INFORMATION »
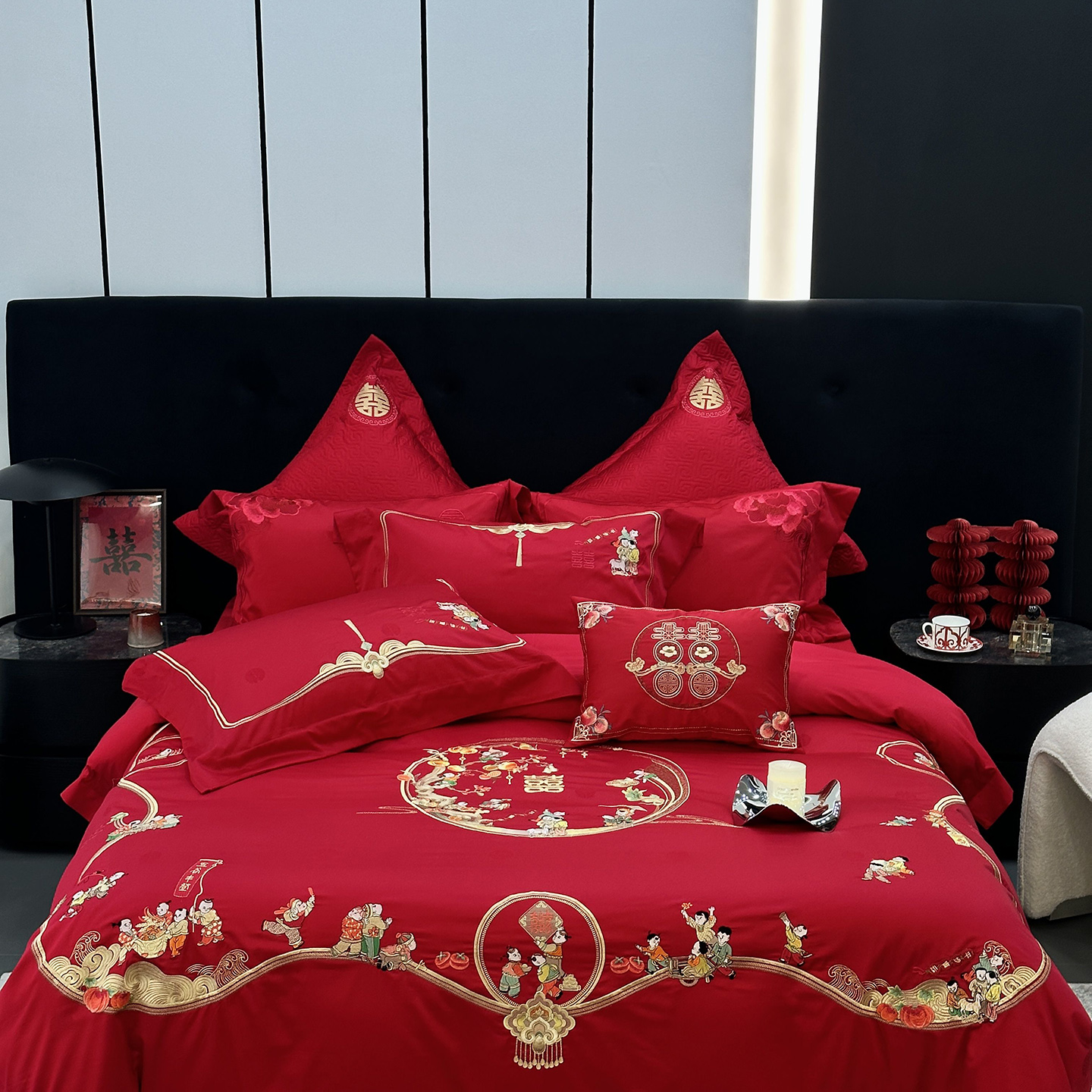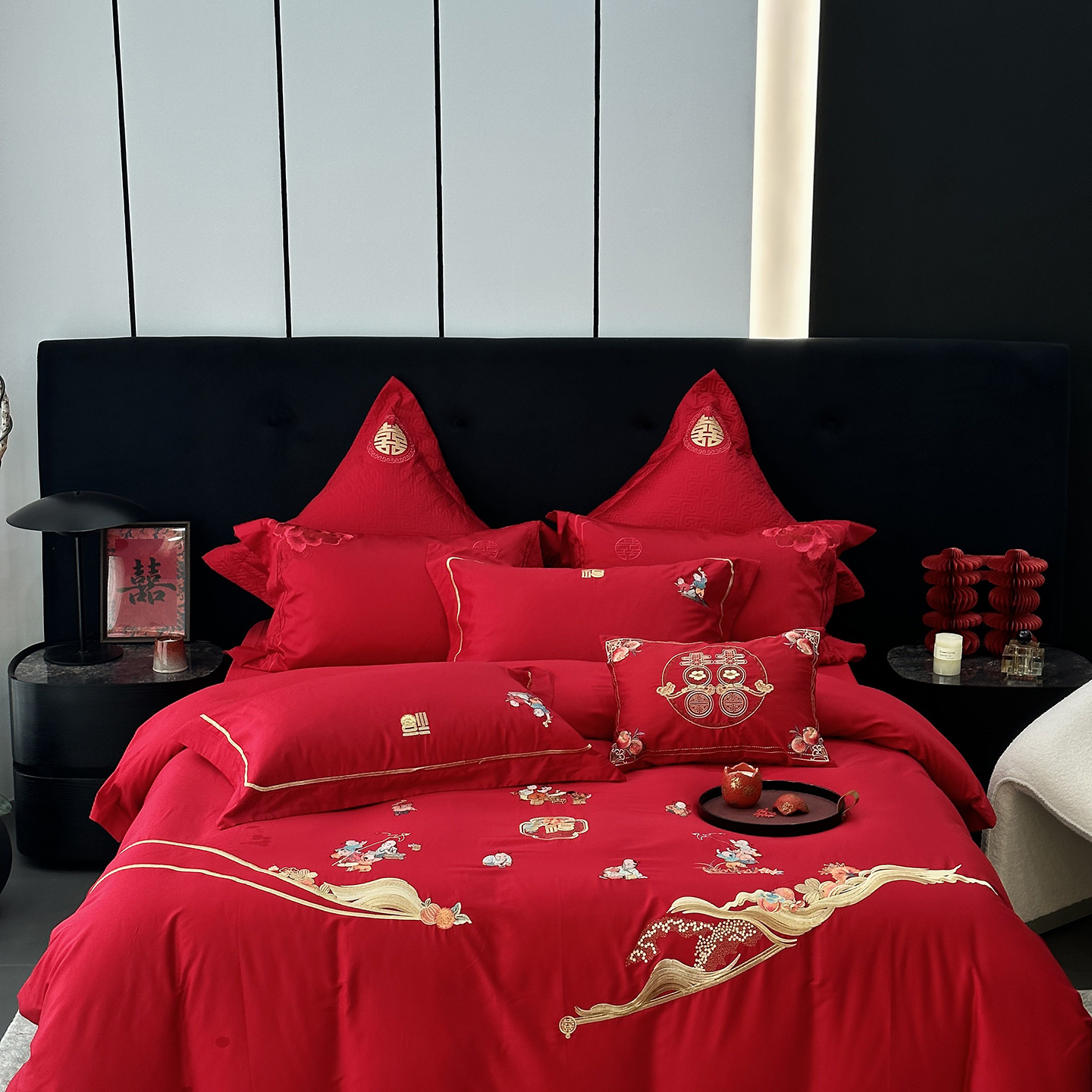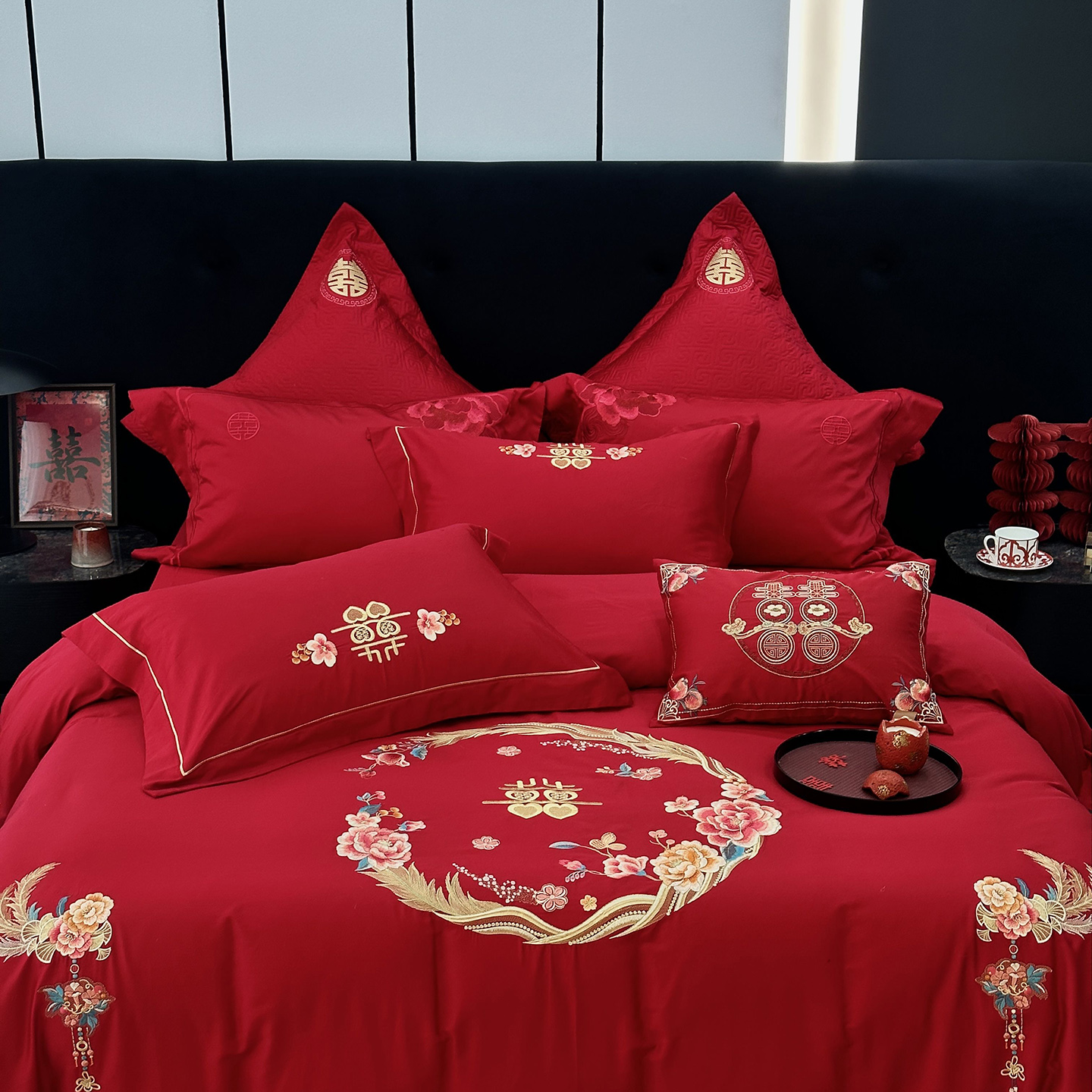 (总)JUICY 橘滋家纺 2026新款全棉大红刺绣婚庆实惠款四件套多件套,百子喜事,花好月圆,花开富贵(红),花开富贵(金),龙凤喜乐,龙凤喜事,我们结婚了-红,我们结婚了-金,喜上加喜,喜事如意,喜悦锦簇-红,喜悦锦簇-金,心心相印-红,心心相印-金,尊龙贵凤
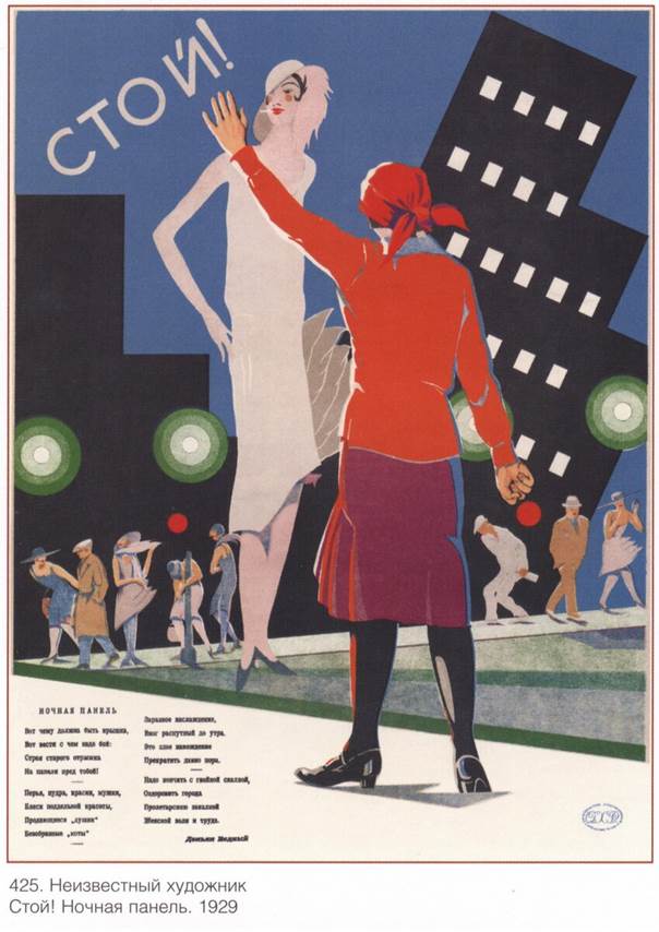 Die Qualität und Quantität der Plakate nimmt zu, die Autoren verwenden eine technische Neuheit: die Fotomontage. Eine handwerkliche Herstellung ist nicht mehr möglich, alle Druckerzeugnisse müssen von der Zensur von Glavlit oder Gosizdat genehmigt werden. Ein solches Plakat weckt jedoch nicht mehr das Interesse, das für das Plakat des vergangenen Jahrzehnts charakteristisch ist.
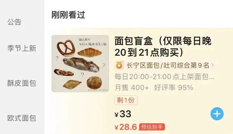 还有少数商家会在晚上限定时段推出当天的“面包盲盒”。比如,愚园路一家面包店每天晚20:00-21:00的一个小时会推出限时面包盲盒,月销量在400份以上,可谓十分畅销。而其他时段,则没有出现这一选项。
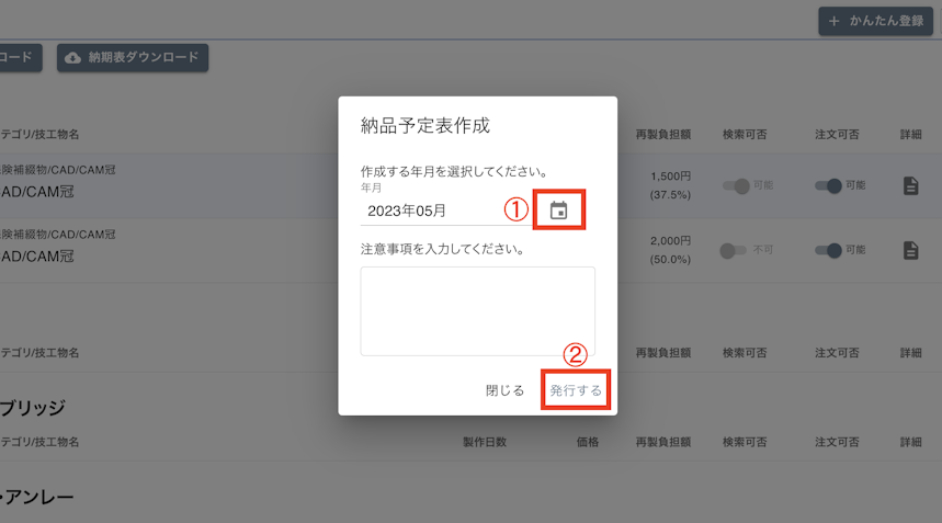 - 納期表を作成する年月を選択します。
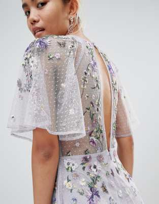 Asos design floral embroidered dobby new arrivals mesh cami strap maxi dress
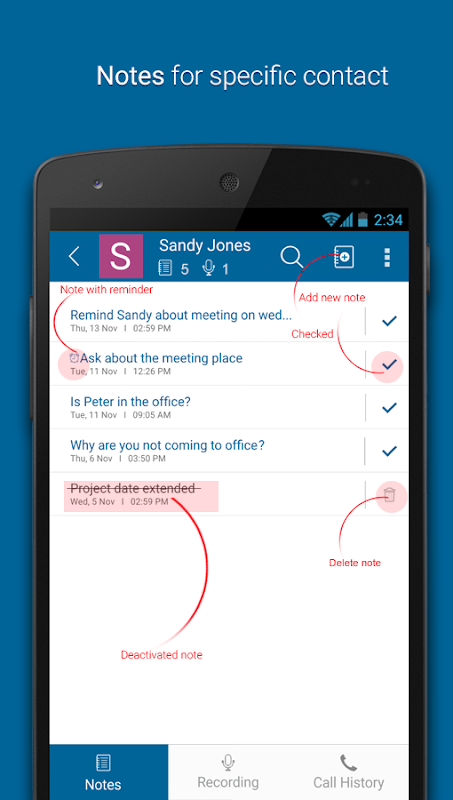 Joindre des notes aux contacts, les voir quand vous obtenez / faire un appel de / vers le contact
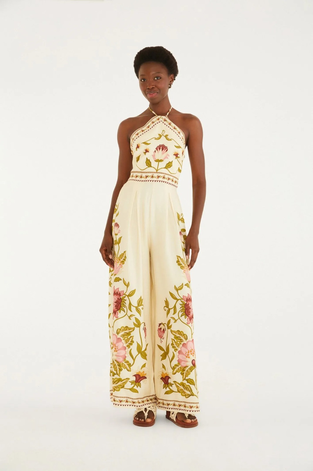 macacão natureza romântica. alças finas com amarração no pescoço e costas abertas conferem um toque especial e delicado. a modelagem ampla e fluida junto à cintura marcada proporciona charme. ideal para eventos diurnos ou um passeio casual, é a escolha perfeita para expressar estilo e originalidade.100% Viscose Forro 100% Viscose
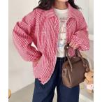 ブルゾン アウター ギンガムチェックフリルブルゾン レディース
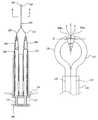 Preferably, the needles ends118 and128 are configured to eject the components so that the ejected component are impinged and redirected to the treatment site. More preferably, the needles ends118 and128 are bent to have the shape of partially opened circle which has open portion on the symmetry axis C of theneedle bodies116 and126.
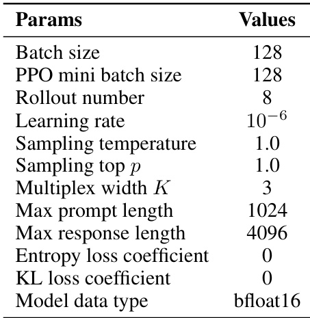 - Hyper-parameters for GRPO training, including learning rate, batch size, and entropy coefficient, are detailed in Table 6 and tuned to optimize convergence and performance across tasks.
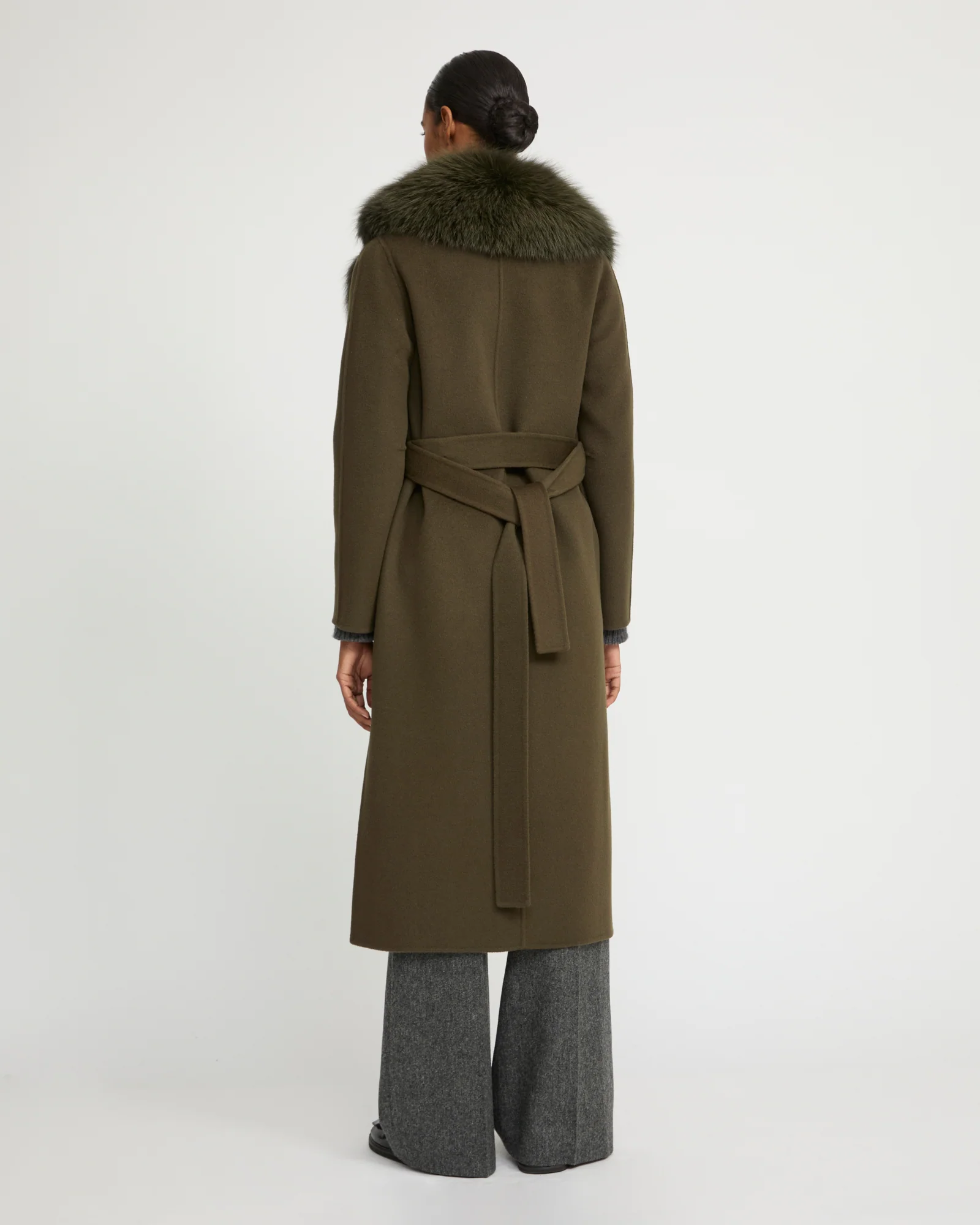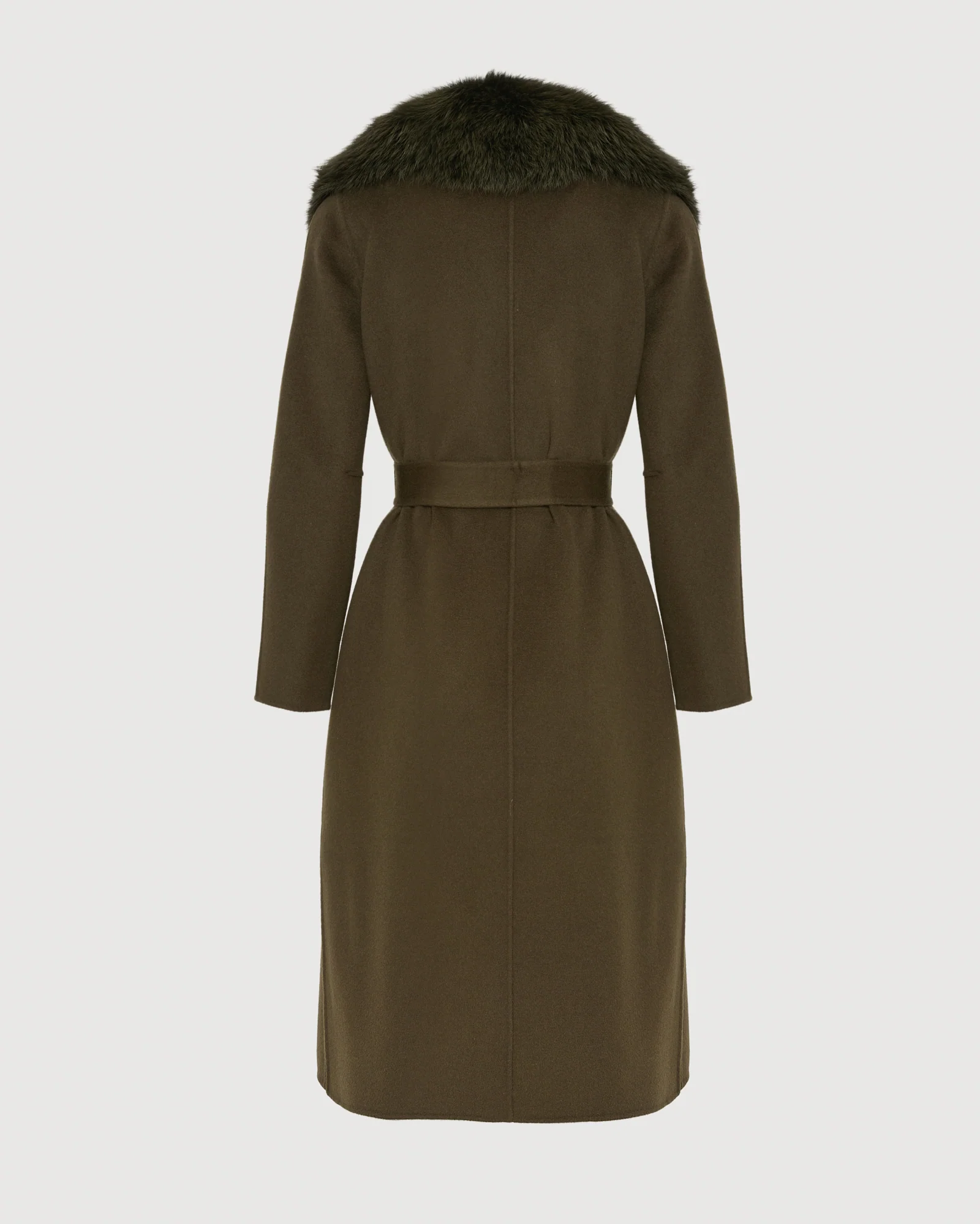 Soyez le premier à laisser votre avis sur “Belted coat in cashmere wool with fox fur collar and lapel”
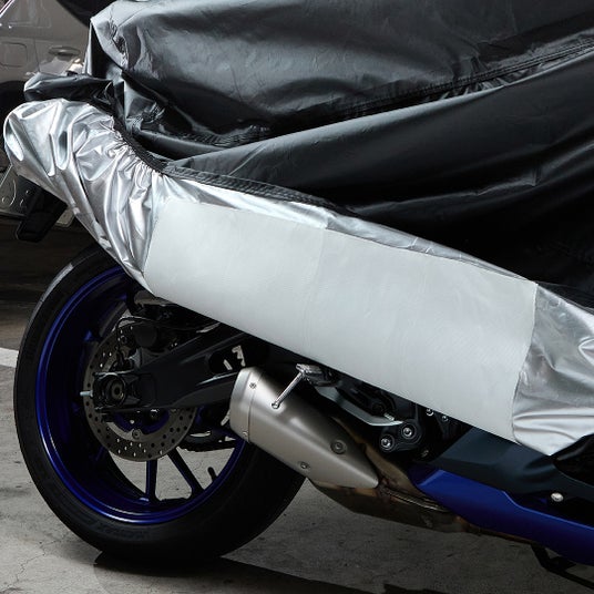 マフラーなど高温部分が接触する部位に貼り付け可能な耐熱シートを付属。約)70cm×30cmの大判サイズのため、多少のカバーずれを補います。

ABOUT THIS TASK »
The answer must consist solely of the lines from the line containing "macacão natureza romântica." to the end of the data, reproduced exactly, with every picture left out.

SOLUTION FOR THIS PROBLEM »
 macacão natureza romântica. alças finas com amarração no pescoço e costas abertas conferem um toque especial e delicado. a modelagem ampla e fluida junto à cintura marcada proporciona charme. ideal para eventos diurnos ou um passeio casual, é a escolha perfeita para expressar estilo e originalidade.100% Viscose Forro 100% Viscose
 ブルゾン アウター ギンガムチェックフリルブルゾン レディース
 Preferably, the needles ends118 and128 are configured to eject the components so that the ejected component are impinged and redirected to the treatment site. More preferably, the needles ends118 and128 are bent to have the shape of partially opened circle which has open portion on the symmetry axis C of theneedle bodies116 and126.
 - Hyper-parameters for GRPO training, including learning rate, batch size, and entropy coefficient, are detailed in Table 6 and tuned to optimize convergence and performance across tasks.
 Soyez le premier à laisser votre avis sur “Belted coat in cashmere wool with fox fur collar and lapel”
 マフラーなど高温部分が接触する部位に貼り付け可能な耐熱シートを付属。約)70cm×30cmの大判サイズのため、多少のカバーずれを補います。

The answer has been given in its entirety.